07Which is more comfortable on long days?

The Grizl, by design. The slacker head tube angle, taller stack, longer wheelbase, VCLS 2.0 seatpost, and high-volume tires all point at long-day comfort. Reviewers describe the position as 'ideal for long days in the saddle.'

The Impulso has a lower, more aggressive position with a stiffer frame — reviewers note it can feel 'a little harsher' on extended rough sections. It's not uncomfortable for race-pace efforts, but it's not the bike you reach for when the goal is to spend 12 hours in the saddle.

08Which has better aftermarket and dealer support?
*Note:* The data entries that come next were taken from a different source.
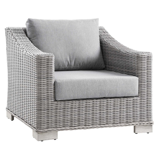 ModwayEnjoy fresh air and alfresco relaxation with the Conway Outdoor Patio Wicker Rattan Armchair. Wrapped in UV-resistant light gray synthetic wicker r...
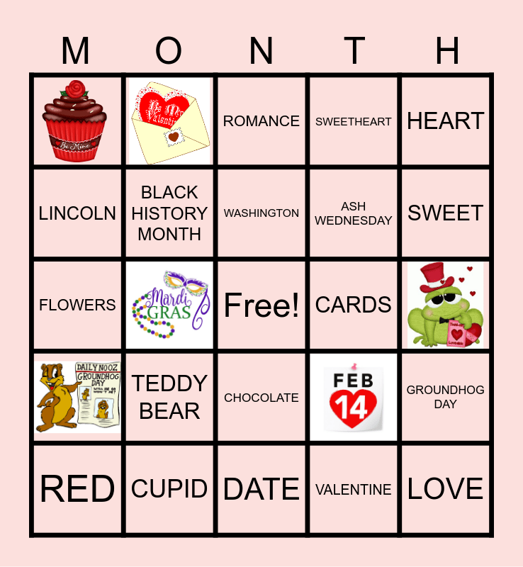 This bingo card has 16 images, a free space and 29 words: DOVE, LOVE, PINK, RED, ROSES, VALENTINE, ROMANCE, KISS, HEART, CUPID, SWEETHEART, CARDS, CHOCOLATE, TEDDY BEAR, POEM, DATE, CARD, FLOWERS, CANDLE, SWEET, FEBRUARY, GROUNDHOG DAY, PRESIDENTS DAY, National Pistachio Day, WASHINGTON, LINCOLN, ASH WEDNESDAY, BLACK HISTORY MONTH and WINTER.
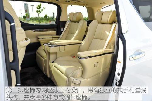 19款丰田埃尔法拥有比轿车更舒适的航空舱和较大豪华的内部空间,这才是埃尔法MPV所追求的。在埃尔法热销的港澳地区,明星与老板们几乎是人手备一辆埃尔法。对于埃尔法来说,亮点最大的其实是它的乘坐空间,依旧采用2+2+3的7座布局,尤其是第二排的独立座椅简直就是精髓。虽然说第一排座椅是司机专属,不过材质以及配置同样不差,打孔座椅乘坐同样舒适,带记忆功能电动调节、座椅加热等功能。
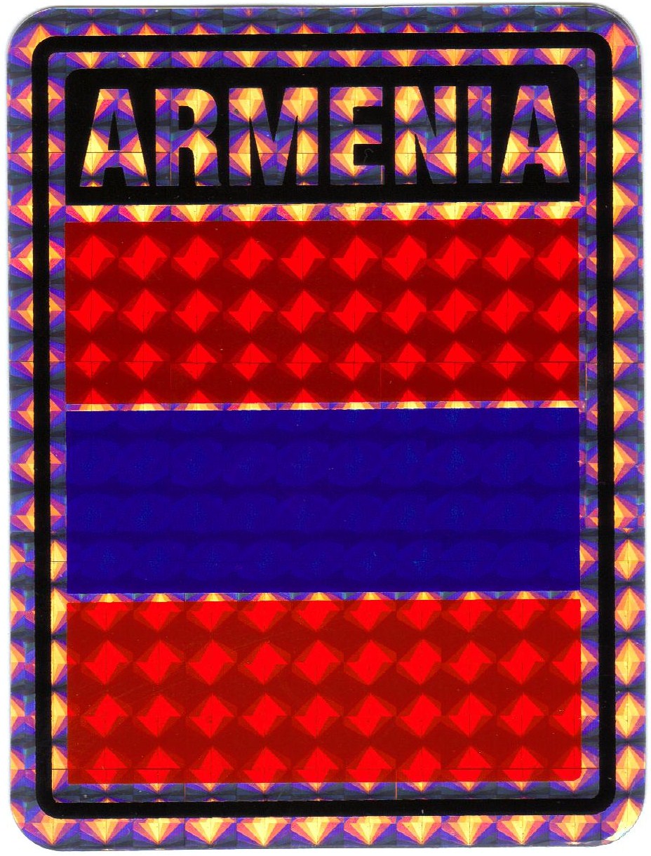 Armenia prismatic reflective decal stickers are made of waterproof vinyl. Decals measure 3"x4" and can be used outdoors in all weather. Great for attaching to your car, truck or boat. Decorate your home or automobile and show your Armenian pride.
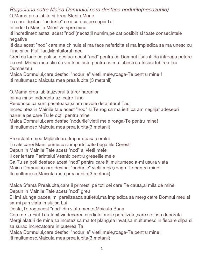 Îţi dau acest nod care mă chinuie, mă face nefericit.. Aceasta rugaciune este recunoscuta pentru curatarea sufletului de gandurile negative si indreptarea in fata lui. Rugaciune catre maica domnului care desface nodurile (necazurile) e nevoie ca toti crestinii sa aiba in fiecare zi un ragaz inchinat rugaciunii personale. Iata, in cele ce urmeaza, rugaciune. Iti multumesc, maicuta mea preaiubita!.. Înalță rugăciunile noastre la tronul lui dumnezeu și fiul tău, ca să fie milostiv nedreptăților.
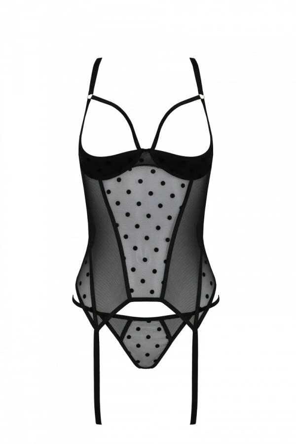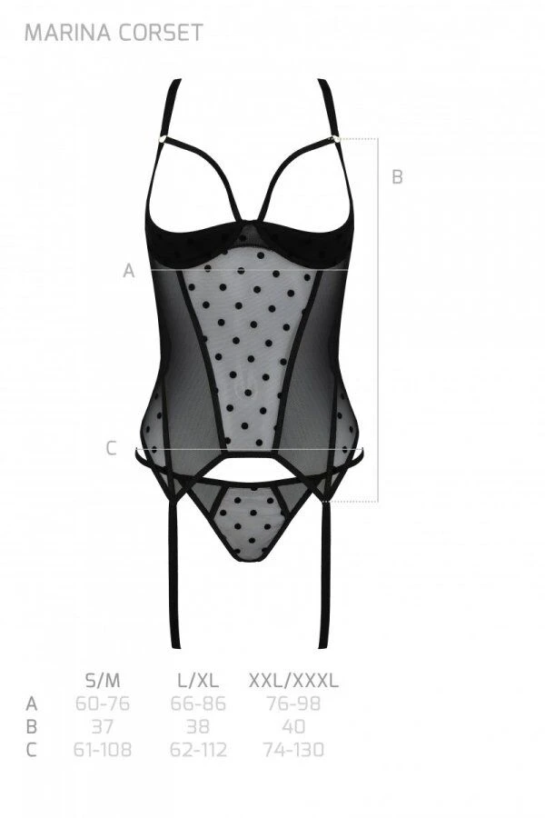 Корсет виготовлений з чорної м’якої прозорої сіточки. Бігунки на бретелях допомагають відрегулювати білизну за розміром. Корсет Passion MARINA CORSET можна одягати разом із панчохами — для цього є акуратні неширокі кріплення. У наборі до корсета йдуть маленькі стрінги з чорної в горошок сіточки.
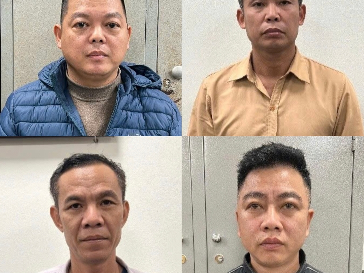 Bốn bị can gồm Man Thăng Long (sinh năm 1976, trú Hưng Yên), Tô Minh Quảng (sinh năm 1976, trú Quảng Nam), Vương Cường (sinh năm 1976, trú Hà Nội) và Mai Văn Cường (sinh năm 1983, trú Tuyên Quang).
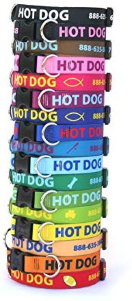 Collar de perro bordado: esta alternativa al bordado es preferible por muchas razones, incluyendo: sin hilos deshilachados o tirados, diseños transparentes de alta definición, docenas de colores, superficie lisa es perfecta para perros activos, y simplemente dura más tiempo.
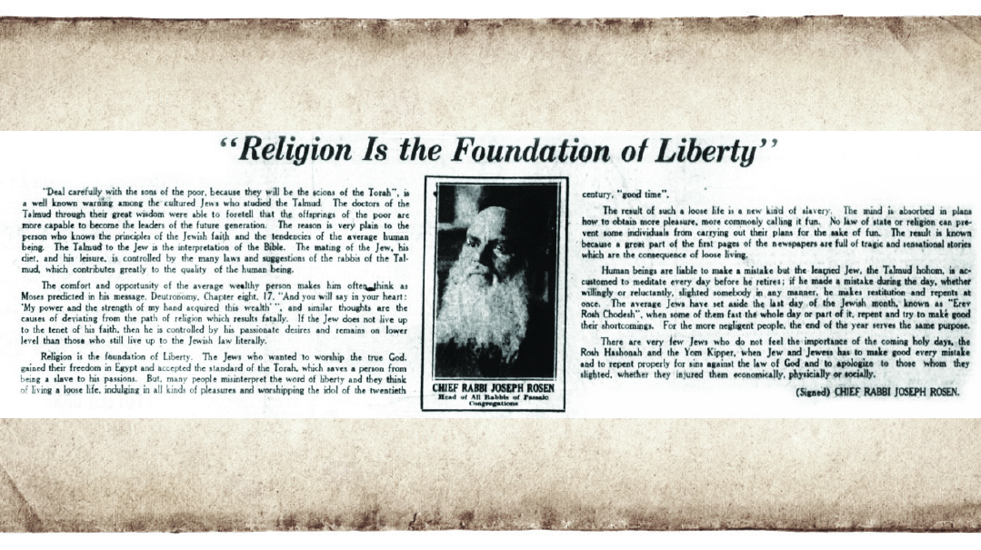 Rav Rosen was a prize talmid of Rav Chaim Leib Tiktinsky in Mir and the Netziv in Volozhin. Following the sudden 1903 petirah of Rav Shneur Zalman Pines (father of Rav Aharon Kotler), Rav Rosen became the rav in Svisloch, Belarus. In 1923, the tall, distinguished-looking Rav Rosen arrived in the United States, where he initially took a position as rav of Shomrei Emunah in Boro Park. Three years later he was offered the position in Passaic, a well-to-do town that benefited from the many worsted mills in the area, several of them owned by immigrant Jews.
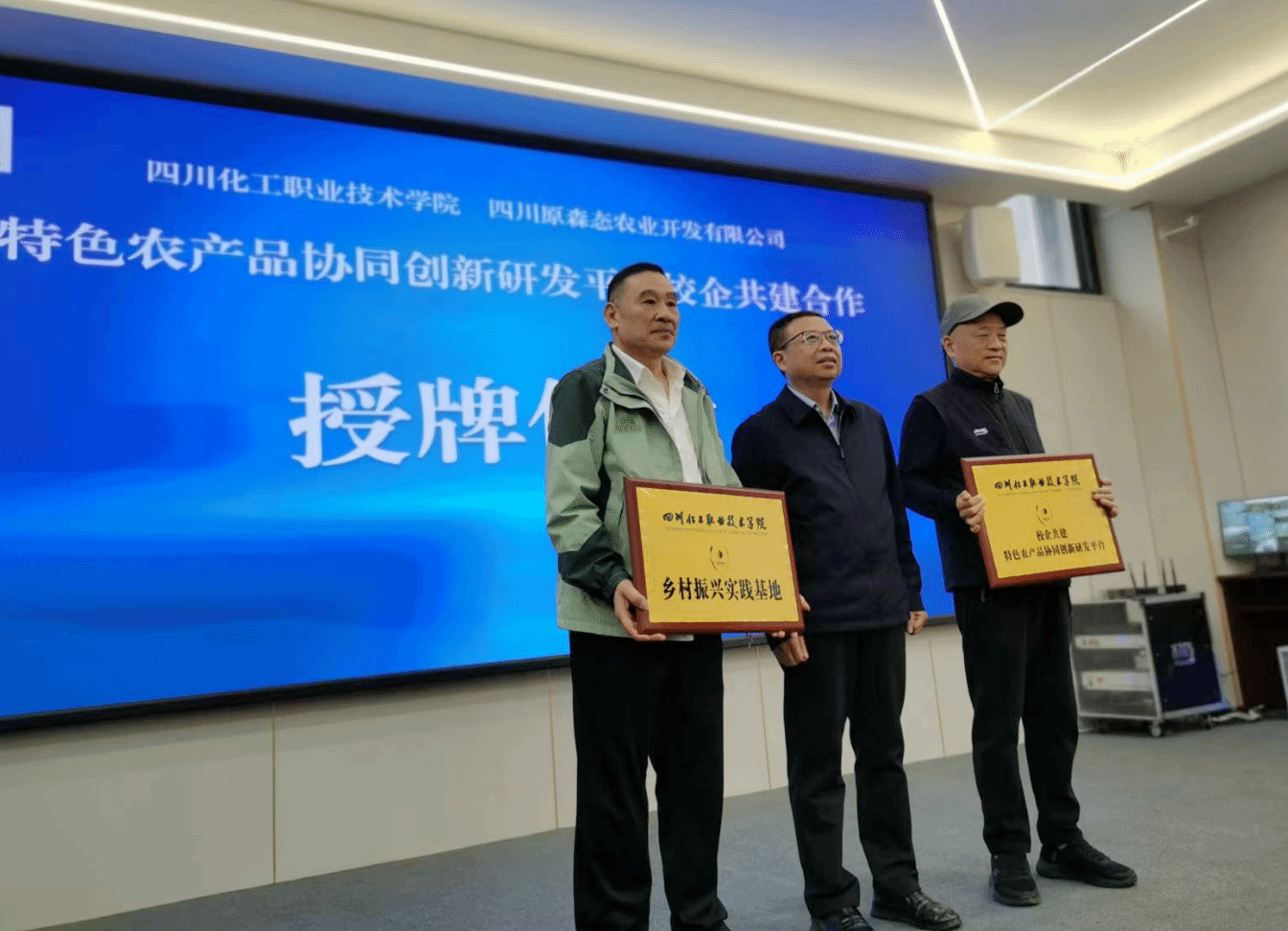 在与会人员的共同见证下,徐丽萍与陈均共同签署了《四川化工职业技术学院·四川原森态农业公司特色农产品协同创新研发平台校企共建合作协议》以及《四川化工职业技术学院·四川原森态农业公司联合举办柚香茶包装设计大赛协议》;邓启华为公司颁发了“乡村振兴实践基地”和“校企共建特色农产品协同创新研发平台”牌匾并向杨国权、陈均颁发了产业导师聘书。
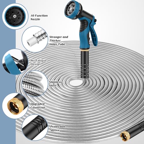 High Quality, More Sturdy: Our garden hose is made of heavy-duty stainless steel. Stainless steel is more sturdy.It has good high-temperature strength and good wear-proof. Good material performance allows our water hose to have a water pressure of 550PSI, which can be efficiently used in most extreme weather conditions such as high temperature and freezing. Having a sturdy water hose is important.
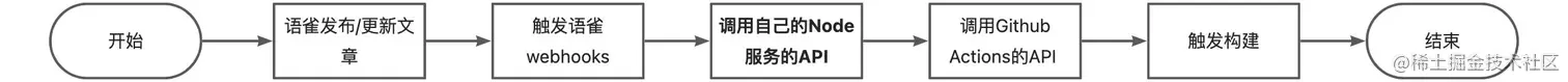 所以就打算自己搭建一个node服务,自己调用Github Actions的API触发构建。流程如下:
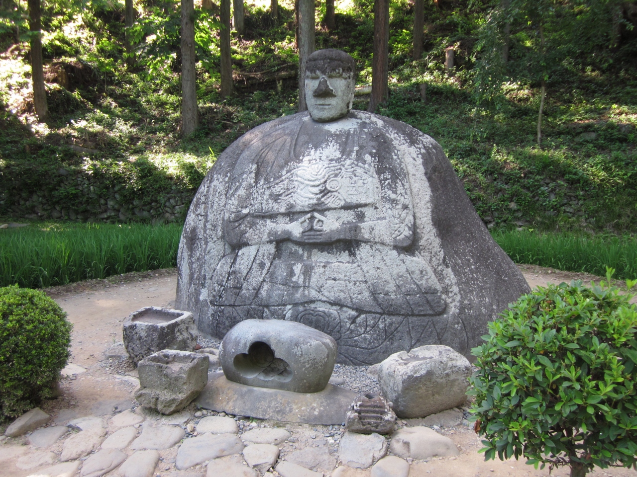 帰りにあの岡本太郎は「こんな面白いもの見たことがない」と絶賛した、万治の石仏を見て帰ることにしました。諏訪大社のすぐ隣にあるその石仏はあって、大きな岩に素朴な仏様の頭を載せただけのものですが、実にユニークで思わず笑みがこぼれてしまいました。

The Bianchi sells through traditional dealers, which means in-person fitting, test rides, and a dealer to walk into when something goes wrong. Canyon is direct-to-consumer — the price is lower, but warranty work and adjustments happen by mail or through the (limited) Canyon US service network.

If you're new to gravel or unsure about fit, the dealer relationship has real value. If you've already owned a bike or two and know what fits, the Canyon savings are hard to argue with.